The deposition apparatus according to the present embodiment has a structure in which the first substrate 22 is drawn in and out in a first radiation direction at one central point 12 and the second substrate 22 is irradiated in the second radiation direction at the center point 12 A deposition chamber (16) for drawing out; A first substrate (22) and a second substrate (22) are loaded and seated, respectively, disposed in the deposition chamber (16), and wherein a virtual first radiation fraction (18) A first substrate loading section (20) which is rotated so that one side is parallel to a virtual moving line segment (27) connecting arbitrary two points (P1, P2) of each imaginary second radiation section (20) (26) and a second substrate loading portion (28); A linear deposition source (30) located in the deposition chamber (16) and emitting deposition particles toward the surface of the substrate; The deposition source (30) is mounted on the moving line segment (27) so that the linear deposition source (30) is perpendicular to the moving line segment (27) And a scanning unit 32 for moving the scanning unit.

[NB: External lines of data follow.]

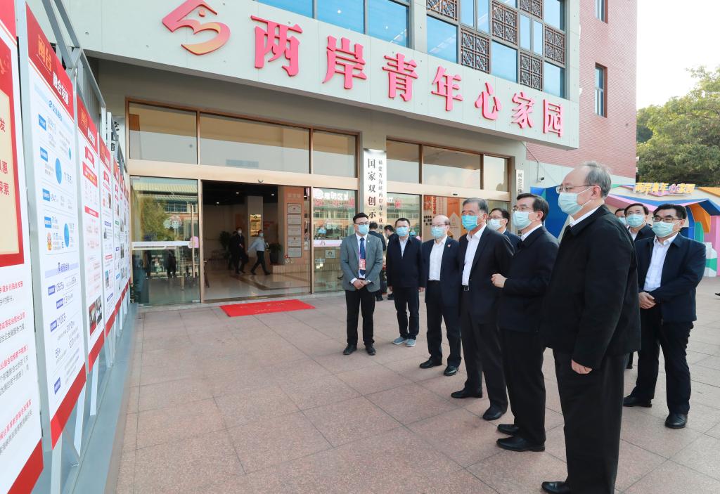Wang Yang, a member of the Standing Committee of the Political Bureau of the Communist Party of China Central Committee and chairman of the National Committee of the Chinese People's Political Consultative Conference, visits an urban community dedicated to youth from across the Strait in Xiamen, southeast China's Fujian Province, Dec. 11, 2021. Wang attended and addressed the 13th Straits Forum held in the coastal city of Xiamen on Saturday. During his stay in Fujian, Wang also visited an urban community in Xiamen dedicated to youth from across the Strait, a religious site, and an enterprise to better understand the cross-Strait exchanges and cooperation. (Xinhua/Ding Lin)
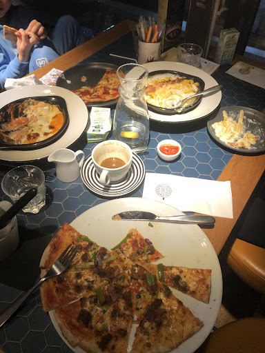 Read moreI should not have to flag down a member of staff just so I can order after being sat down for 30 minutes. Nobody within those 30 minutes came over to even ask if we’d like some water, let alone food. Finally, when I flagged down someone taking another customer’s orders, I admit I sounded a bit rude and angry (because I had been sat down for so long with zero service) so the member of staff clearly went and called the manager to deal with us because of my attitude- an attitude I wouldn’t have had if anyone in this restaurant had done their job and taken our order. Zero acknowledgment of us sitting down for so long without them serving us. Unsure what seating system they’re using (I’ve worked in restaurants before) but either they don’t know when guests are being sat or they simply don’t care. A couple was sat maybe 5 minutes before us and ate their starter and got served their main meal before we were even able to order- I don’t understand why we were given such a different level of service. Thankfully, the lady who served us our food was very sweet and our pizzas and drinks came out quickly once ordered and our pizzas were great. We ordered cocktails and tap water via the manager and they forgot the water, but the lady who served us got it right away when we asked again. At least we got to bond over the horrible service with the mother and daughter sat next to us who also agreed that the service was egregious- because they had watched us sit there for half an hour and even they had been asked by a member of staff if they were all good but nothing was said to us. To top the entire experience off, the manager suggested to order the dessert later. I ordered the tiramisu and got it within 5 minutes and the bottom was still semi frozen, as it had a certain crunch to it that is only there if not defrosted properly (either that or their fridge is way too cold). Should have walked out after 15 minutes but honestly wanted to see if they could make up for the wait which they did not. Luckily I have the app and got the dough balls for free and service charge/tips is optional. I’ve visited almost all restaurants in that food court area and this restaurant is by far the worst one. Definitely recommend Las Iguanas or...
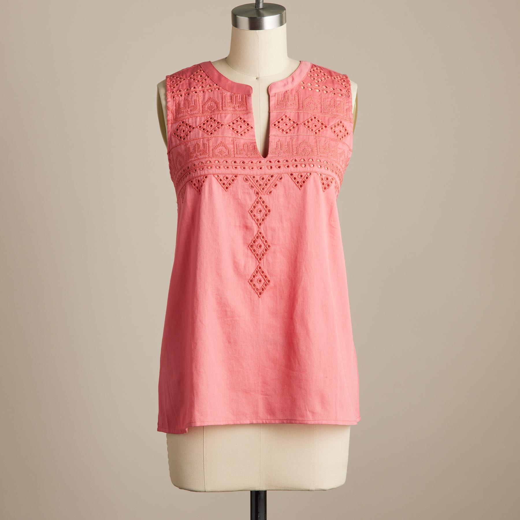 Vintage-inspired. cut-out embroidery accentuates the simple grace of this lightweight. airy tank with an easy. pull-over fit and notch neckline. Cotton. Machine. Imported. Sizes XS (0 to 2). S (4 to 6). M (8 to 10). L (12 to 14). XL (16 to 18). XXL (20 to 22). Front approx. 25-3/4L.
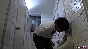 Nerd Student Caught in Quick Toilet Bang with German Teen Anni
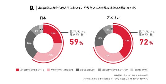 これからの人生においてやりたいことが「はっきりと決まっている」「やや決まっている」と回答した次世代層は、日本が30%に留まる一方、アメリカは70%と顕著な差がみられました。また、「まだやりたいことが見つかっていない」と回答した人でも、「将来やりたいことを見つけたい」と日本が59%、アメリカが72%回答しており、日米ともに自身の未来に対して意欲的に考えていることが明らかになりました。
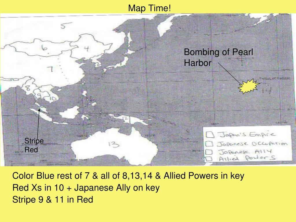 Map Time! Bombing of Pearl Harbor Color Blue rest of 7 & all of 8,13,14 & Allied Powers in key Red Xs in 10 + Japanese Ally on key Stripe 9 & 11 in Red Stripe Red

In the deposition apparatus according to the present embodiment, a deposition process is performed on a plurality of substrates in one chamber, and a transfer process or an alignment process is performed on another substrate during a deposition process of one substrate, ) Can be reduced and the loss of deposition material occurring during the transfer process or alignment process with respect to the substrate can be reduced.

The deposition chamber 16 is arranged so that the first substrate 22 is drawn in and out in a first radial direction at one central point 12 and the second substrate 22 is drawn in and out in a second radial direction at a central point 12. [ .

The deposition chamber 16 is where the deposition of the deposition particles against the substrate takes place therein, and the inside can be kept in a vacuum state by means of a vacuum pump. It is also possible that the interior is maintained at atmospheric pressure when the organic material deposition is performed at atmospheric pressure.

The first substrate 22 is drawn into or out of the deposition chamber 16 in a first radial direction at one central point 12 and the second substrate 22 is positioned at a central point 12 at an angle And is drawn into or out of the deposition chamber 16 in the second radial direction. That is, the first substrate 22 and the second substrate 22 are drawn or drawn in the deposition chamber 16 with a predetermined inclination.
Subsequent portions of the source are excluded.